__REQUIREMENT__
Output must consist only of the lines of the material below from the one with "Golden Melties –" through the one with "Según el análisis", each reproduced exactly; no pictures belong in it.

__SOURCE INFORMATION__
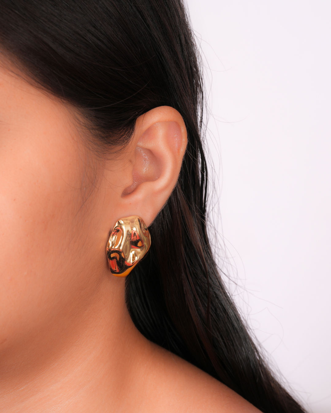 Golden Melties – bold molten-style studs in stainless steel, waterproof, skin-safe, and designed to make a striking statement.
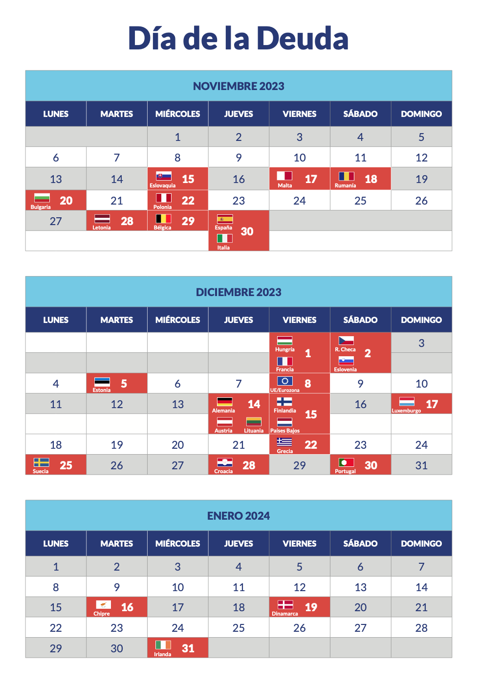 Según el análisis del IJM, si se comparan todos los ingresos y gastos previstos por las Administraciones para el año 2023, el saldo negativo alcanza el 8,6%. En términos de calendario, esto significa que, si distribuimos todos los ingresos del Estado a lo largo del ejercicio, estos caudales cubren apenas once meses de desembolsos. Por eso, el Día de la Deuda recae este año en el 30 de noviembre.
...
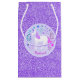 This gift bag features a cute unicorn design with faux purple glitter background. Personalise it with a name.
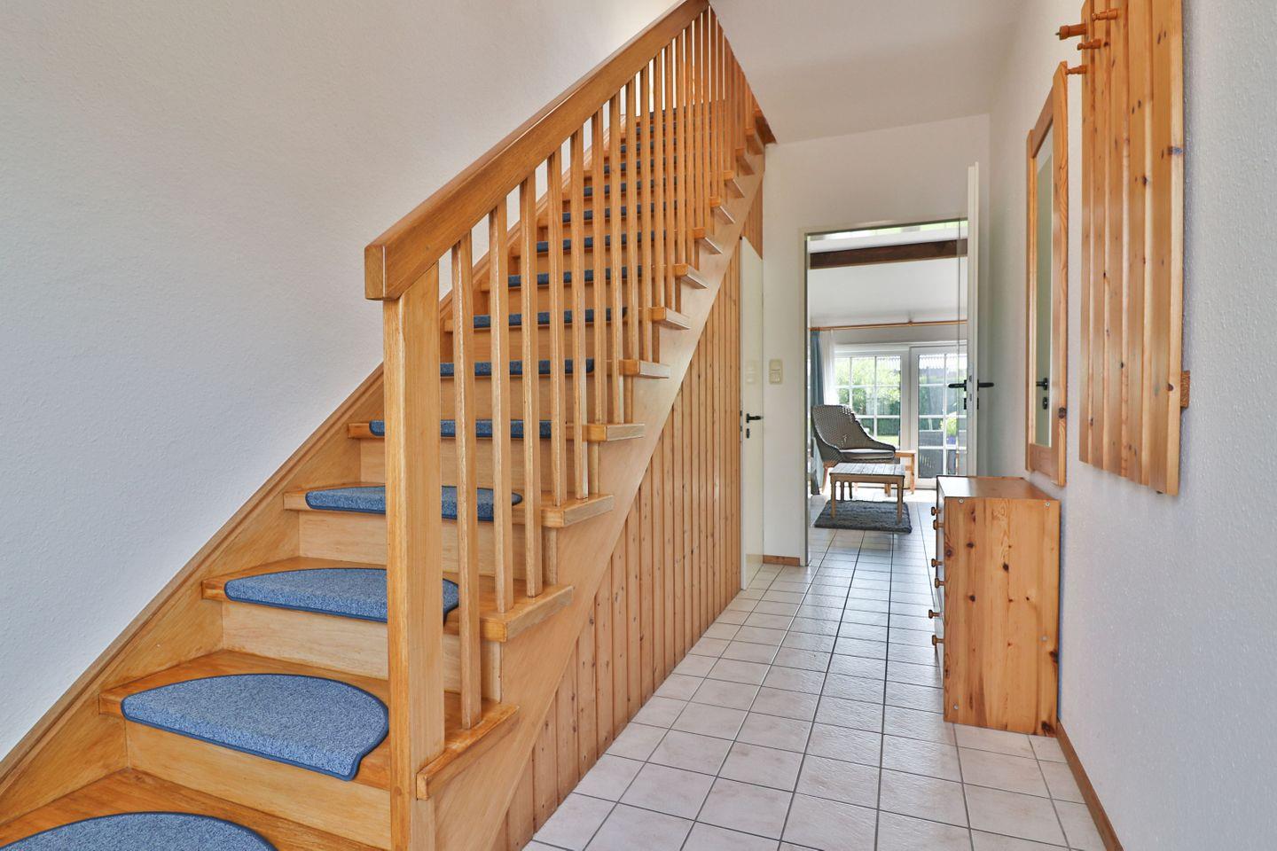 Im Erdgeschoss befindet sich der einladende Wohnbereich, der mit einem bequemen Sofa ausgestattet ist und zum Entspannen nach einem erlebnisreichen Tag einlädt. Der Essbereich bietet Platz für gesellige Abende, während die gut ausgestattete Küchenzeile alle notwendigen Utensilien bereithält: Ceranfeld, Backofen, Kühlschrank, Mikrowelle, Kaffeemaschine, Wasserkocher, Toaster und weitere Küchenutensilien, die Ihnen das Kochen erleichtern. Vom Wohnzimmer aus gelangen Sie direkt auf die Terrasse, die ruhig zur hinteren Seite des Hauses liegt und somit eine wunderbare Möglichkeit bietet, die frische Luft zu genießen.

__OUTPUT OF THE TASK__
 Golden Melties – bold molten-style studs in stainless steel, waterproof, skin-safe, and designed to make a striking statement.
 Según el análisis del IJM, si se comparan todos los ingresos y gastos previstos por las Administraciones para el año 2023, el saldo negativo alcanza el 8,6%. En términos de calendario, esto significa que, si distribuimos todos los ingresos del Estado a lo largo del ejercicio, estos caudales cubren apenas once meses de desembolsos. Por eso, el Día de la Deuda recae este año en el 30 de noviembre.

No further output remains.